* **INPUT DATA**
★ ★ ★ ★ ★ ★ ★

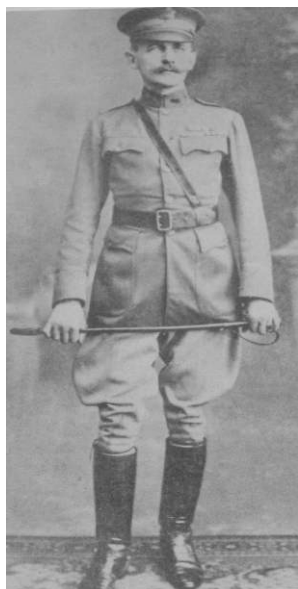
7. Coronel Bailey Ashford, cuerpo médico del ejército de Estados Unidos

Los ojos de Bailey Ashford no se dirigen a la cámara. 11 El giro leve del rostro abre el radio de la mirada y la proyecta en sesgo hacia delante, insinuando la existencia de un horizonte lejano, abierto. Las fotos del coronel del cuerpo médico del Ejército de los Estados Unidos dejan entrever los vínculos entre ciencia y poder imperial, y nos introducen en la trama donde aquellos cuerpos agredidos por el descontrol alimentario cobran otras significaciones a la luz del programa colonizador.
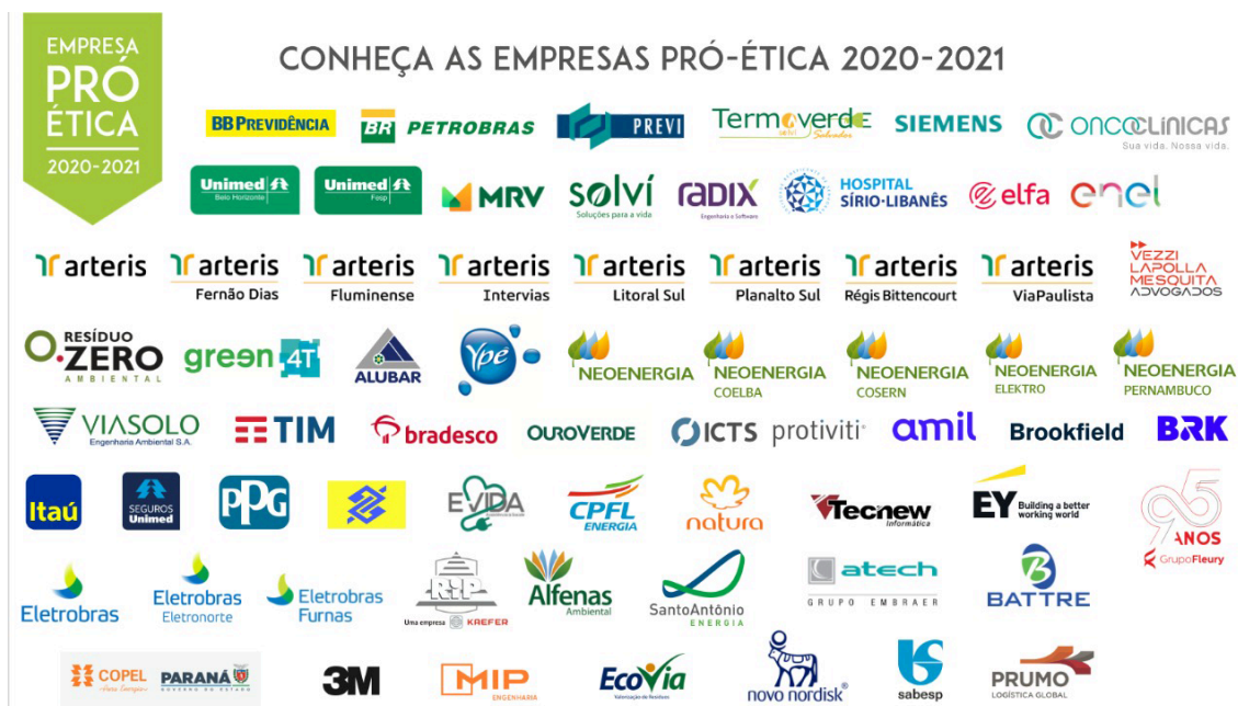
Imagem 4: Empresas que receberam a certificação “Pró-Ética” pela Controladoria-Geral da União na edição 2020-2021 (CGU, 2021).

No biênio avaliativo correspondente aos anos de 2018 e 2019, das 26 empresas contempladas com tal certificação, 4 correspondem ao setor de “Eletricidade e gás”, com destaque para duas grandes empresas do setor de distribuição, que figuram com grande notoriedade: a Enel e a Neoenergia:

★ ★ ★ ★ ★ ★ ★

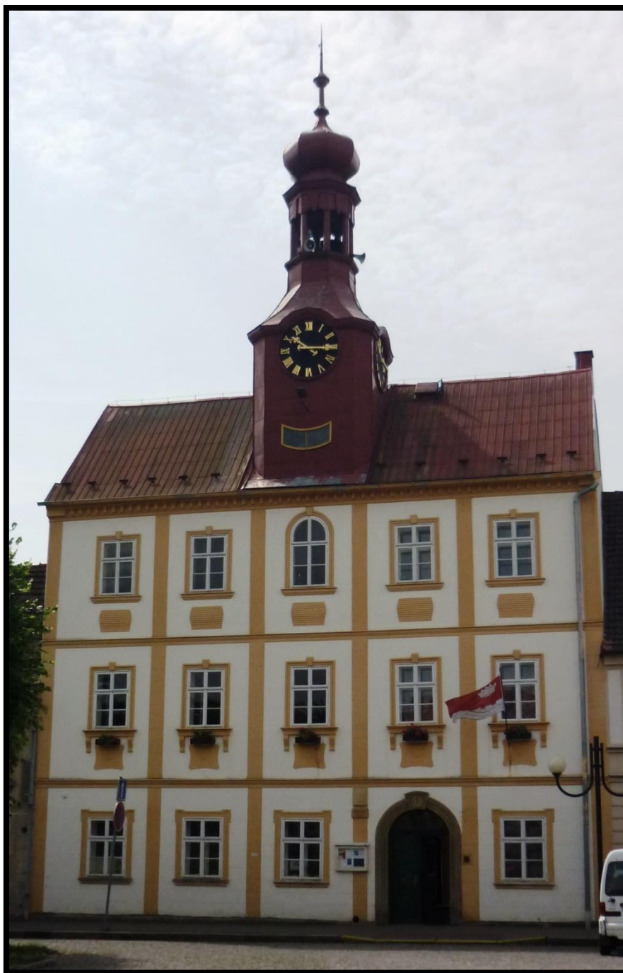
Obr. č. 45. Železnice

★ ★ ★ ★ ★ ★ ★

* **WHAT THE EXERCISE ASKS**
Above are the records; from them, give again exactly the lines from the one containing "Imagem 4: Empresas" to the one containing "No biênio avaliativo", both lines included, and nothing more.

* **SOLUTION TO THIS PROBLEM**
Imagem 4: Empresas que receberam a certificação “Pró-Ética” pela Controladoria-Geral da União na edição 2020-2021 (CGU, 2021).

No biênio avaliativo correspondente aos anos de 2018 e 2019, das 26 empresas contempladas com tal certificação, 4 correspondem ao setor de “Eletricidade e gás”, com destaque para duas grandes empresas do setor de distribuição, que figuram com grande notoriedade: a Enel e a Neoenergia:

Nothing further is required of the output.